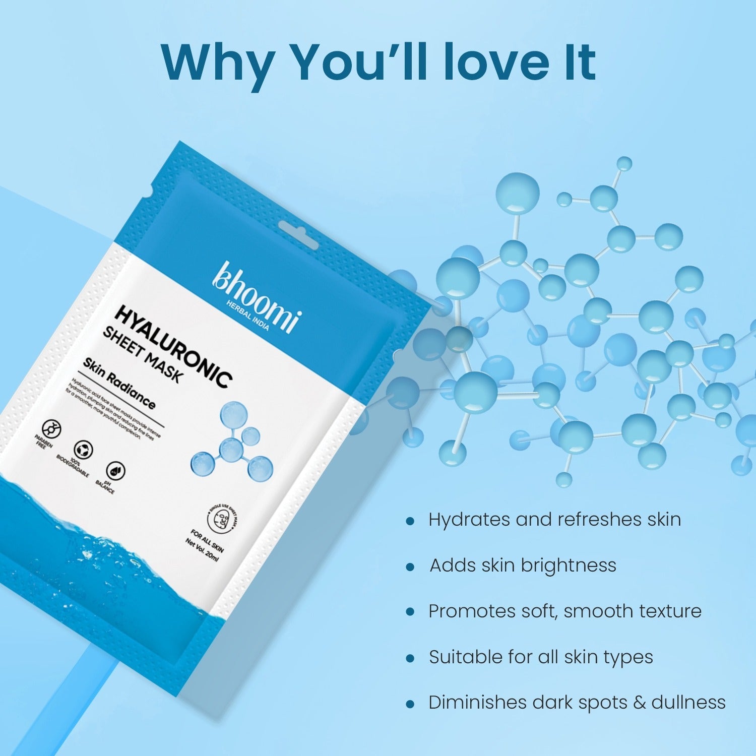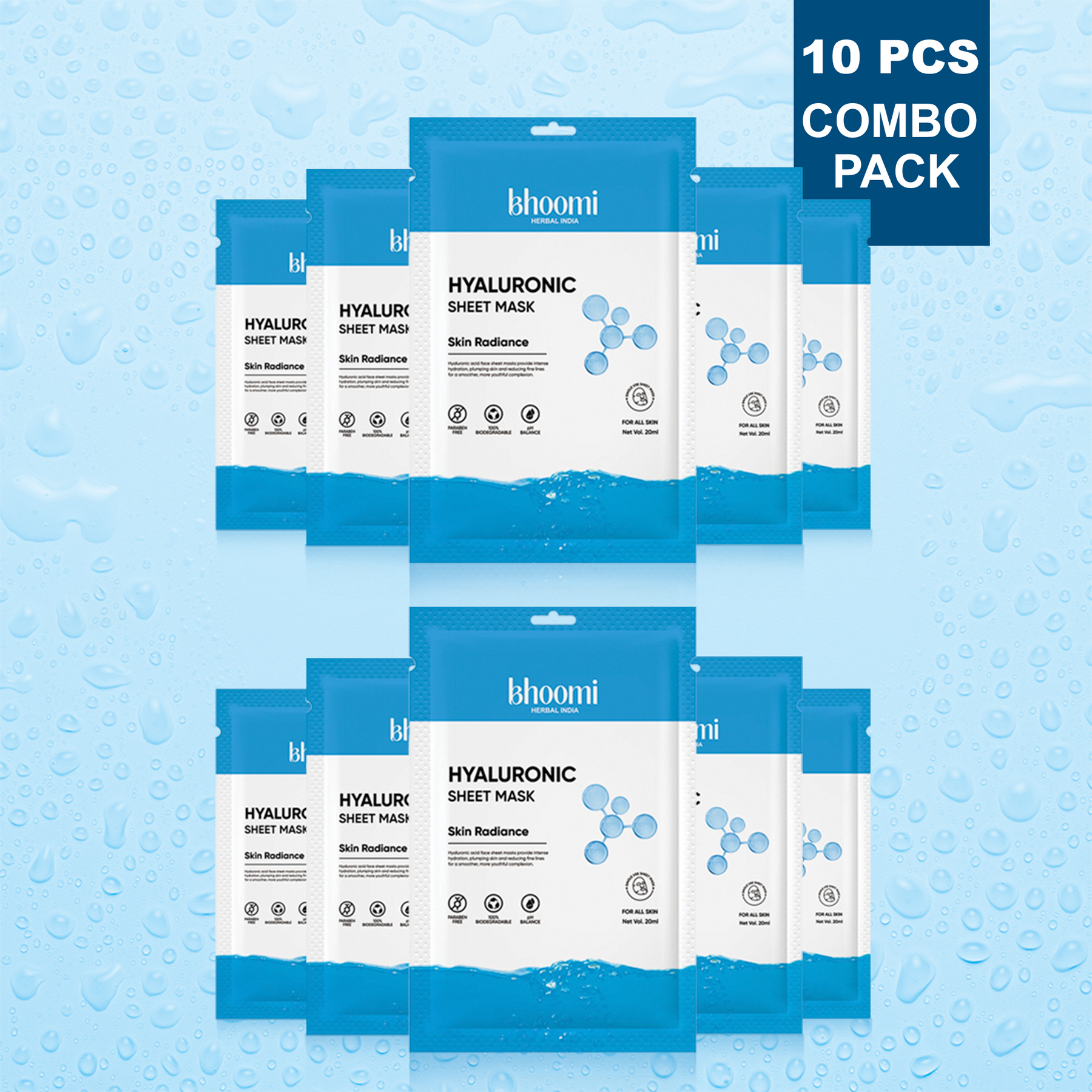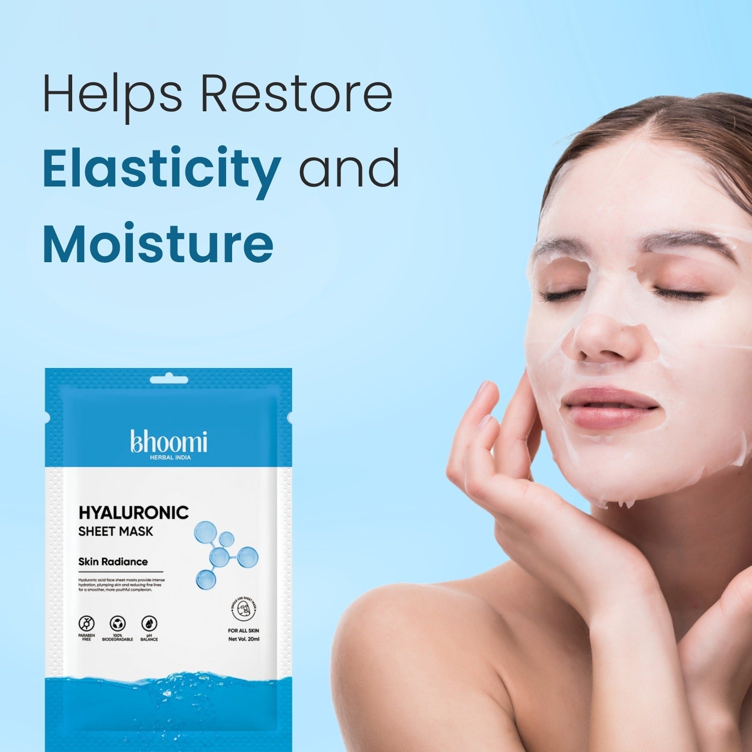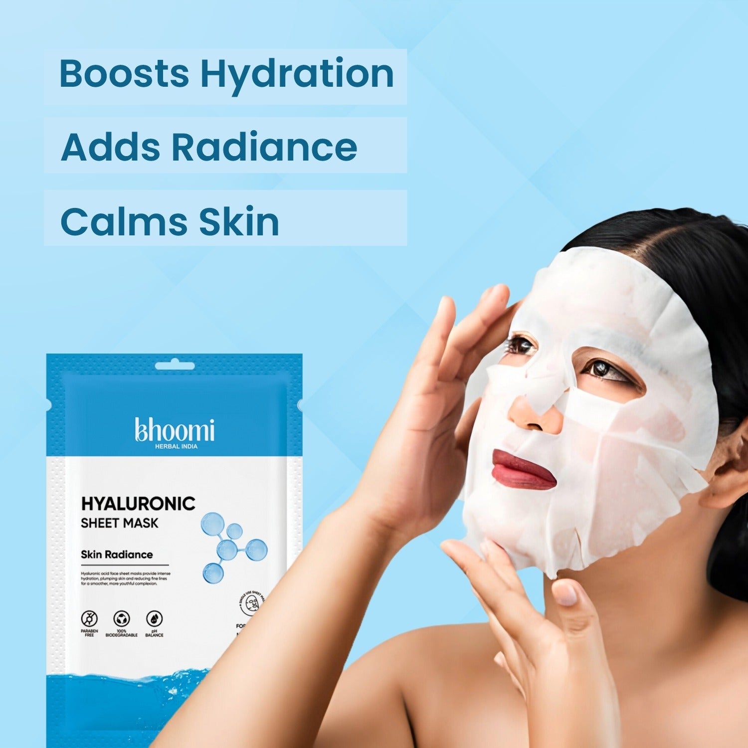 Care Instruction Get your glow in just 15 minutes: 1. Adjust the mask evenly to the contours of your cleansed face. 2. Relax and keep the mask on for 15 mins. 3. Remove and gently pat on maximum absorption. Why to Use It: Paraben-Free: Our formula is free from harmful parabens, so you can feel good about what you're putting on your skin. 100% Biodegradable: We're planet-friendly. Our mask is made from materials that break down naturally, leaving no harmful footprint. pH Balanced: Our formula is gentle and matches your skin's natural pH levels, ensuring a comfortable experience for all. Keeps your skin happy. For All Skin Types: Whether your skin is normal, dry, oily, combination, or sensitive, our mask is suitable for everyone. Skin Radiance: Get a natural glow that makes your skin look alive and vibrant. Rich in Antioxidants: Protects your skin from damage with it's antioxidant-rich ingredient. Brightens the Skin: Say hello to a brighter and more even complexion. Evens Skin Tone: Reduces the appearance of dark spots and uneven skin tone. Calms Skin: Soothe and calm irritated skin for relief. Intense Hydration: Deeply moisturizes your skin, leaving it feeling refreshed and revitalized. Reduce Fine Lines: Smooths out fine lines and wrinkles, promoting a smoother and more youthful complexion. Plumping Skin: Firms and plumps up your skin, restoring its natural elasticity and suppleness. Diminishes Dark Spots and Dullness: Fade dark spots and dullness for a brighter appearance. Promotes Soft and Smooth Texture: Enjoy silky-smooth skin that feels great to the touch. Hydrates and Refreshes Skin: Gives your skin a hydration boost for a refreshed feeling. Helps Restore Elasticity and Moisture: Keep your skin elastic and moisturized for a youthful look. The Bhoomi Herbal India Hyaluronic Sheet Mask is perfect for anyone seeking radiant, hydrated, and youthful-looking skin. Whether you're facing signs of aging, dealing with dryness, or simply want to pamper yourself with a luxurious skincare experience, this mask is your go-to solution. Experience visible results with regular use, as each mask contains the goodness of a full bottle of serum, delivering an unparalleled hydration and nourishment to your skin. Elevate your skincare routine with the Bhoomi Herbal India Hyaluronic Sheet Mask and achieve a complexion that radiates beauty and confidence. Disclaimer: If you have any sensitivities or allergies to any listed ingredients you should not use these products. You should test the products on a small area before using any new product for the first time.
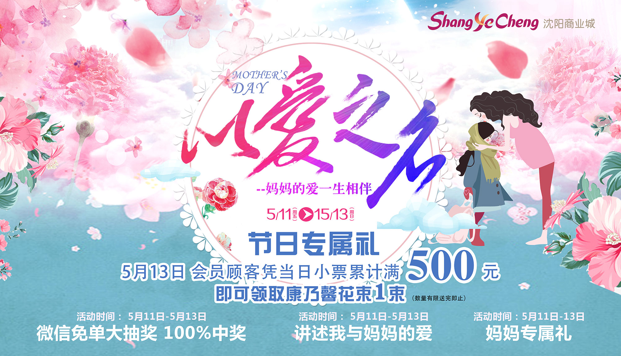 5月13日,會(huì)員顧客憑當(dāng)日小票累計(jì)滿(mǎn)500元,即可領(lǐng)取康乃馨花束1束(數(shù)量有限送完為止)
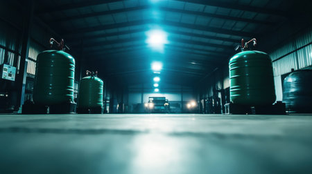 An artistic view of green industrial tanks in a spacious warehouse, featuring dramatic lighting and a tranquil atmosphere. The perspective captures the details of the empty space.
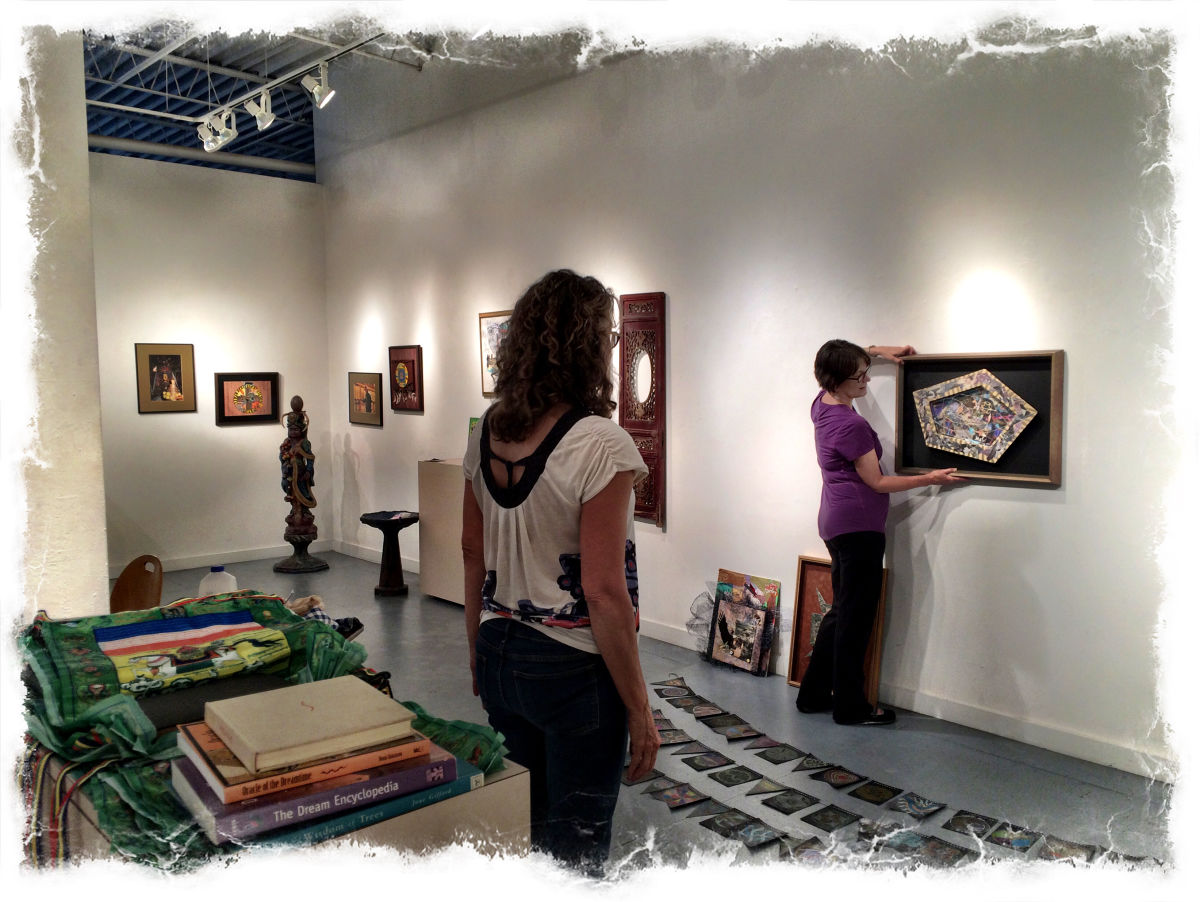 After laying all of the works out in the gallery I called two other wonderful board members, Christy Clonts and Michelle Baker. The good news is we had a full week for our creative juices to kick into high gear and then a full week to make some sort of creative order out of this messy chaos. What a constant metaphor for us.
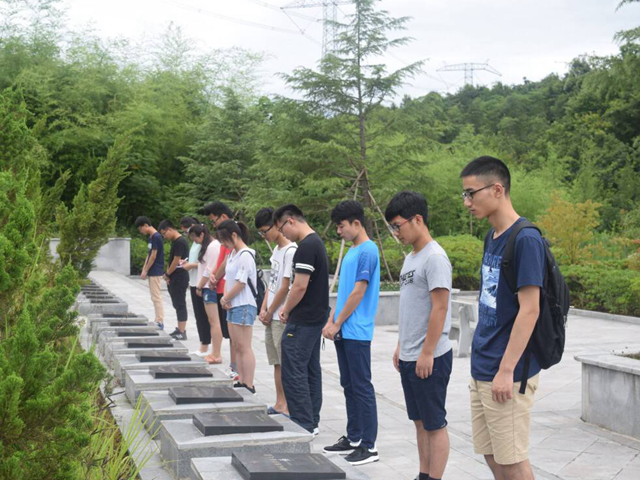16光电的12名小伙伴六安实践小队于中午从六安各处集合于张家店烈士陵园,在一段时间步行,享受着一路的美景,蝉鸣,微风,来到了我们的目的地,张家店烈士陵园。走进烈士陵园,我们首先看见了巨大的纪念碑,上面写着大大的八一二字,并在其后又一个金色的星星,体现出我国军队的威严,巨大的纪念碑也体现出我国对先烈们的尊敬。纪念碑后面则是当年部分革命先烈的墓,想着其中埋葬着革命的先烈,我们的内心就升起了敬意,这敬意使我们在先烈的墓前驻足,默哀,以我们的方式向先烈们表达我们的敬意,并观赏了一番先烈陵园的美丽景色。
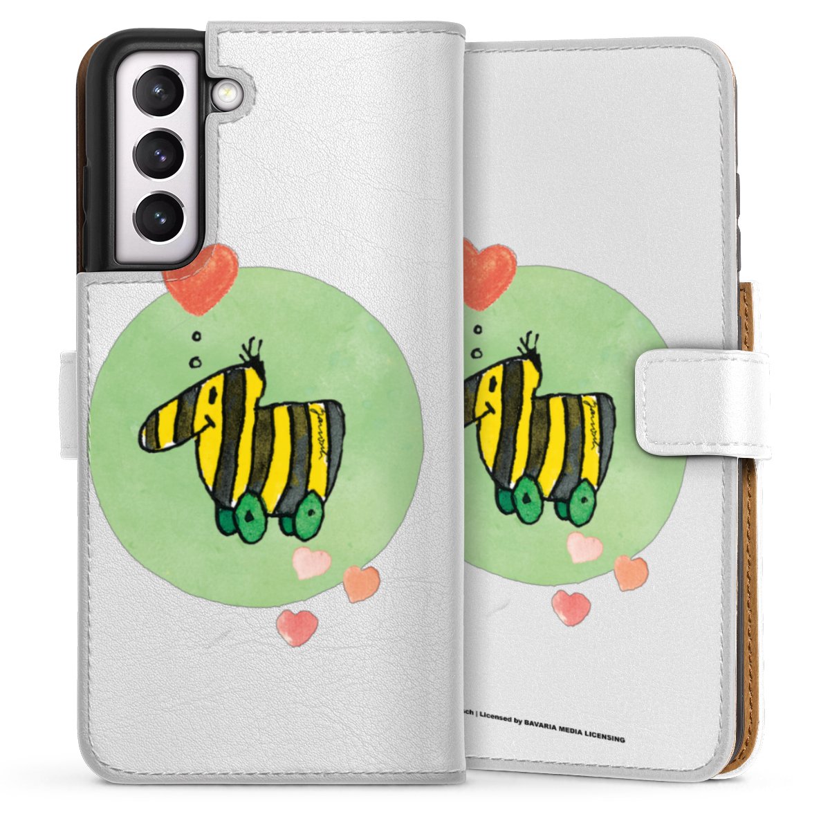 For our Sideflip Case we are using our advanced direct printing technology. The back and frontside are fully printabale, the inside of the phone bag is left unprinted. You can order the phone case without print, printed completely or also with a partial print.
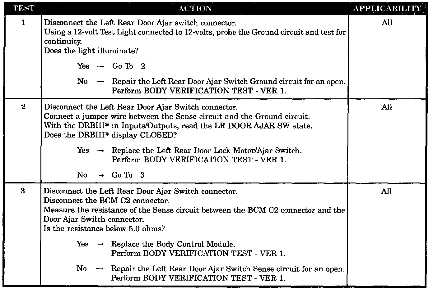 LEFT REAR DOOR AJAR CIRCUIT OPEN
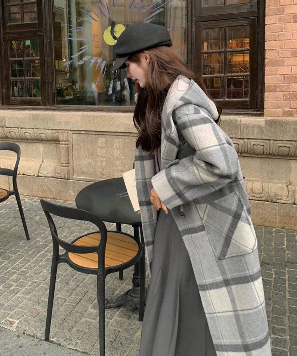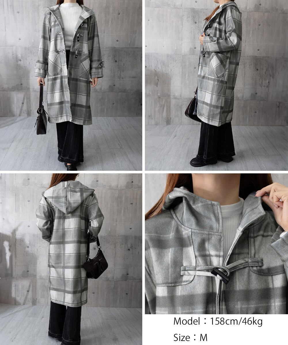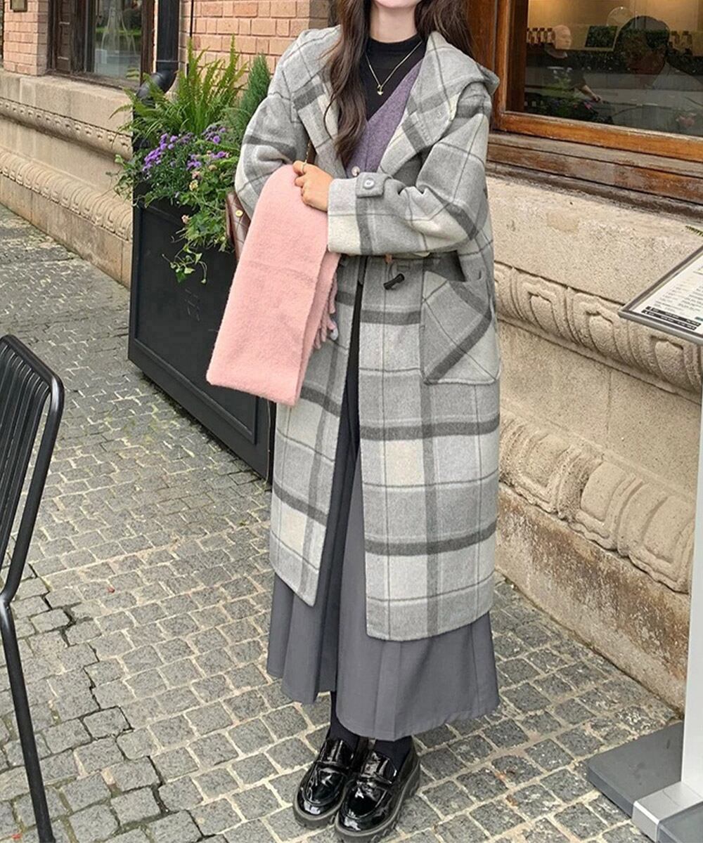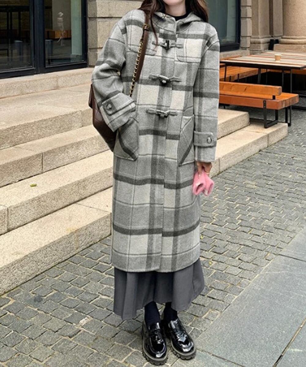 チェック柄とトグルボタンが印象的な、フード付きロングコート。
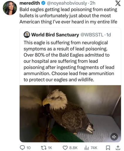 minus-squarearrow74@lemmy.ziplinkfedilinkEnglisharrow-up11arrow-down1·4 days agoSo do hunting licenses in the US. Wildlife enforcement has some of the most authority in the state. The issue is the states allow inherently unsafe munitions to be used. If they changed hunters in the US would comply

----

§ Aim of the task
Among the entries above, take the line with "16光电的12名小伙伴六安实", the line with "チェック柄とトグルボタンが印象的な、フード付きロングコート。", and all the lines between them, and restate them word for word without pictures.

§ Solution for this exercise
16光电的12名小伙伴六安实践小队于中午从六安各处集合于张家店烈士陵园,在一段时间步行,享受着一路的美景,蝉鸣,微风,来到了我们的目的地,张家店烈士陵园。走进烈士陵园,我们首先看见了巨大的纪念碑,上面写着大大的八一二字,并在其后又一个金色的星星,体现出我国军队的威严,巨大的纪念碑也体现出我国对先烈们的尊敬。纪念碑后面则是当年部分革命先烈的墓,想着其中埋葬着革命的先烈,我们的内心就升起了敬意,这敬意使我们在先烈的墓前驻足,默哀,以我们的方式向先烈们表达我们的敬意,并观赏了一番先烈陵园的美丽景色。
 For our Sideflip Case we are using our advanced direct printing technology. The back and frontside are fully printabale, the inside of the phone bag is left unprinted. You can order the phone case without print, printed completely or also with a partial print.
 LEFT REAR DOOR AJAR CIRCUIT OPEN
 チェック柄とトグルボタンが印象的な、フード付きロングコート。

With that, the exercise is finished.